Hum, mais de 50 postagens no blog. Momentos intimamente relacionados à minha vida. Está tudo ligado. Zaratustra tem me ajudado a presenciar e entender muitas coisas.

De um começo esperançoso, ligado à expectativa de passar na USP, à transformação completa de um menino bobo que sofria por causa de um namoro fracassado a alguém que tomava consciência, enfim, de uma vida nova e a vivia por completo. Esse é o trajeto que segue esse blog, por enquanto. É a linha vestibulares-mudança-fim de namoro-sofrimento-vida nova.

E tudo isso tem sido extremamente ótimo. O aprendizado e tal.

Esfrego as mãos nos olhos novamente. Comigo estão pessoas mais velhas, uns já terminaram o curso, outros ainda o fazem, sou o mais novo, sem dúvida. É um encontro de orkut, o orkontro. Ouço histórias divertidas, atentamente, não tenho lá muitas histórias para contar. Sou um "galho verde", mas sorrio atenciosamente.

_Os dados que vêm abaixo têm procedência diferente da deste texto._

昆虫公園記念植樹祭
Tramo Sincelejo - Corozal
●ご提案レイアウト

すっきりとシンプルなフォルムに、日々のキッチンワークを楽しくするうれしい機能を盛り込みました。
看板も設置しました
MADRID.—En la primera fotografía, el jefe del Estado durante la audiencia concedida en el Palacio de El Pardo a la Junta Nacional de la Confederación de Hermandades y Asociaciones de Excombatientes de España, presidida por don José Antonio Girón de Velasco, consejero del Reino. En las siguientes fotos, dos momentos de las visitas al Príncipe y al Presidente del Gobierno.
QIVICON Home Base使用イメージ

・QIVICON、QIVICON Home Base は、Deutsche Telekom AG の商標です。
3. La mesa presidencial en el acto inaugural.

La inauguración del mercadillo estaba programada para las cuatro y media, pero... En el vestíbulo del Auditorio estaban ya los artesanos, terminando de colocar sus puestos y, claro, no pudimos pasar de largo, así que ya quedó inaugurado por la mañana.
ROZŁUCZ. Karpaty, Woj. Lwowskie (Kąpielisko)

No dia anterior, eram dois rapazes, rockeiros, amigos, num restaurante caro. No dia mais anterior ainda, mais pessoas de internet, numa boate "meio" gls. Ainda havia a festa do curso, ou ainda a festa caipira, tudo, todos, muitos. A variedade de opções e de modos de vida me faz regozijar: a vida é interessante.

"Não quero mais voltar a Rio Preto", digo a amigos em Londrina, casualmente. Encontro respaldo na voz de alguns, o que será que estarão vivendo para pensarem o mesmo? E pensar que alguns meses antes eu pensava em abandonar a pequena Londres e tentar USP de novo. Persistência. Coisa que só aprendi a ter agora.

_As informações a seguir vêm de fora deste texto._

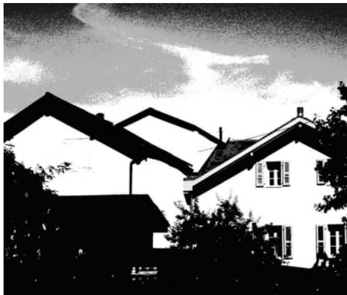
page de gauche

Zone pavillonnaire Proprettes les maisons Toboggan, balançoires jardinets palissés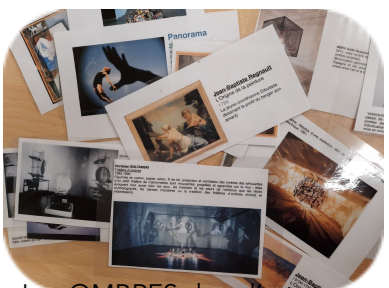
Les OMBRES dans l'art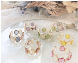
suzu* 本物のお花を使ったレジアンアクセサリー販売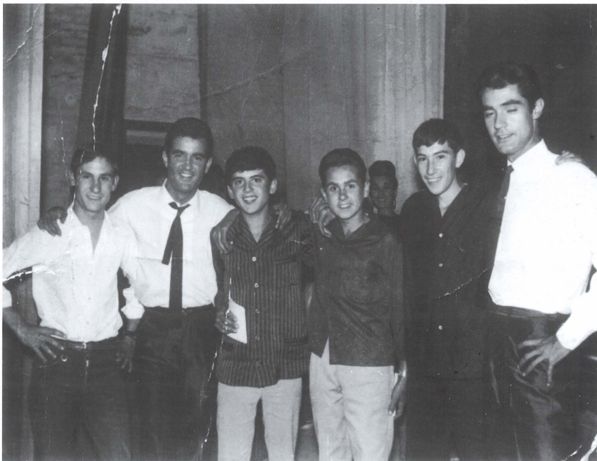
Arxius de Miguel Miró Ferré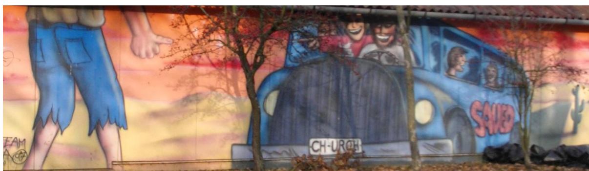
Muurschildering op de camping van Dorcas in Debrecen (Hongarije)

Van de voorzitter: Het is de hoogste tijd voor een nieuwsbrief.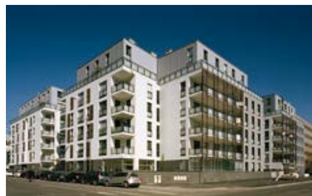
QUAI OUEST - LYON 9 ÈME Architecte : Sud Architectes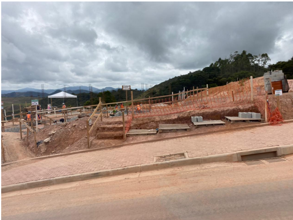
Foto 3 - Construção de casa no Reassentamento de Paracatu -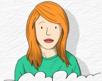
GIULIETTA LA PARTY-QUEEN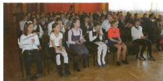
10 kwietnia w Domu Kultury w Gostyni odbyło się uroczyste wzięcie 43 świątecznych życzeń od mieszkańców gminy Wyrzy.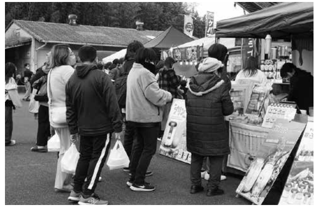
壱岐グルメフェスティバル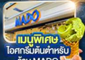
เมนูพิเศษ ไอศกรีมต้นตำหรับ ร้าน MADO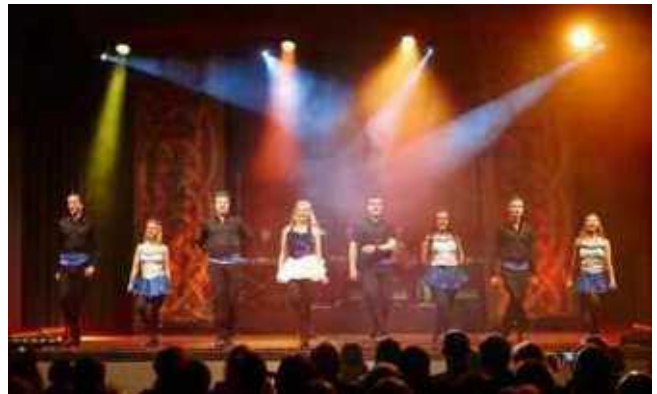
CELTIC RHYTHMS im StadtHaus

Kartenvorverkauf: Bleich Drucken und Stempeln, Braunschweiger Str. 2, Tel.: 0 51 36 – 18 62, und www.reservix.de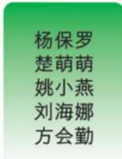
杨保罗 楚萌萌 姚小燕 刘海娜 方会勤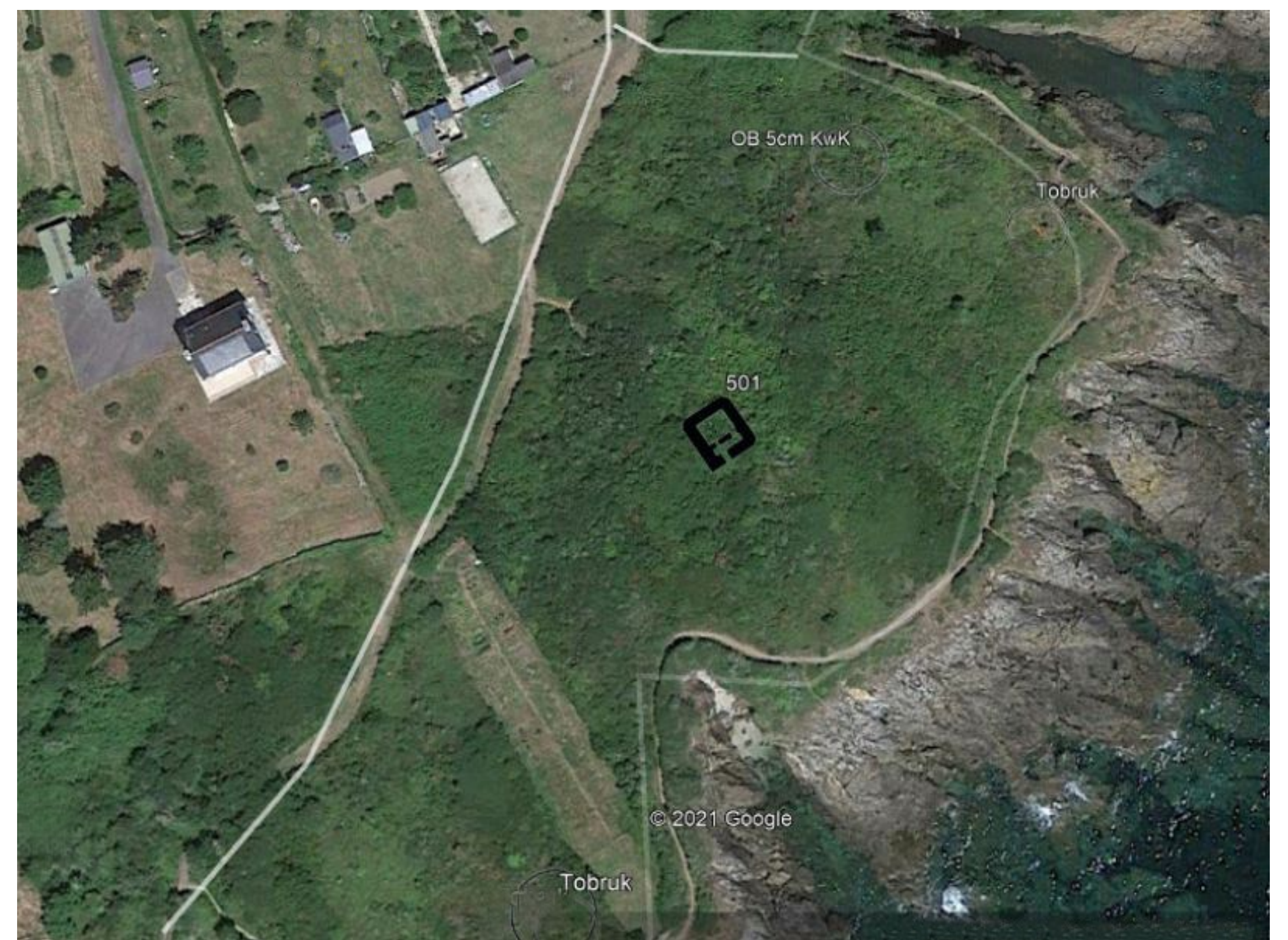
Photographie aérienne de 1966 – Emplacement des bunkers et tobrouks

Retiro a cerveja do suporte e aperto a campainha que alerta os garçons (coisas de Londrina). Não preciso verbalizar o desejo, a esperta garçonete já traz, sabiamente, a próxima cerveja, gelada, à mão, repondo nosso "combustível".

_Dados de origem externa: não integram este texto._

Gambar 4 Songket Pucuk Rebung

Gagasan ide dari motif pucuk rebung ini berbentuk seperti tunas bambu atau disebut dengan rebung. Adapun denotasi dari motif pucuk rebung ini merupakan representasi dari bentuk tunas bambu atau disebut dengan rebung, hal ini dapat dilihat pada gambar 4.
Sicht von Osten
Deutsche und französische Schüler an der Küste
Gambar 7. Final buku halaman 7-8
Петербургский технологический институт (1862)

E no dia seguinte se acorda tarde. Boca seca, estranho cansaço, cabeça pesada, mas mente leve. As aulas acabaram, só resta uma prova, logo você estuda para ela, vai, agora simplesmente aproveite. Viva essa vida que você ganhou por mérito. O fígado agüenta, relaxa.

Essa vida que caiu em seu colo por graça.

E, revirando na cama, pensando que um abraço seria bem-vindo, penso que a vida é boa, porém cheia de desejos impertinentes.

Vai um gole?

3.7.07

Rodka = Victor

O livro grosso, de capa dura azul jaz aqui, ao lado e abaixo da tela do computador, entre tantos outros livros, uns de Direito, outros de filosofia, alguns romances e dicionários.

Pegando-o mais intimamente, observa-se na capa desenhos de contorno dourado que contrastam sobriamente com o fundo azul escuro, seu formato origina prédios que de cara revelam a arquitetura russa. Tal qual o Kremlin.

Acima desses desenhos aparece escrito:

DOSTOIÉVSKI
CRIME E CASTIGO

O romance mais popular desse escritor russo realista do século XIX.

Mas a vista do livro não basta. Começo a lembrar da história.

Rapaz jovem muda-se para longe de sua família para estudar Direito, em meio a uma cidade empoeirada pelo progressismo e positivismo sem limites de sua época, acaba-se às voltas com uma situação em que fica sem dinheiro e nas mãos de uma velha usurária. E adiante a história ganha corpo...

Ora, não é de hoje que me identifico com Rodion Romanovich Raskolnikov, o Rodka. De fato, um dos grandes motivos de eu ter decidido fazer Direito é este personagem, em que eu me reconhecia, apesar de todos os males por ele cometido.

E agora aqui nossas vidas vão se afunilando também, Rodka. Vivo nesse lugar frio e poeirento que é a casa da dona da hospedaria, e vivo às turras com essa velha desocupada,
nessa cidade celebrada por um desenvolvimentismo de araque, porém agradável. Rodka também dava suas escapadelas na famosa rua...na famosa rua que sempre aparece nos romances de Dostoiévski.

Mas mantenhamos distância, Rodka. Não pretendo assassinar ninguém e, tampouco, considero-me um gênio licenciado pela humanidade para matar
. Nesse ponto sou mais cauteloso e inteligente que você, amigo.

Estou muito, muito longe do Gulag. E aproveito isso enquanto puder.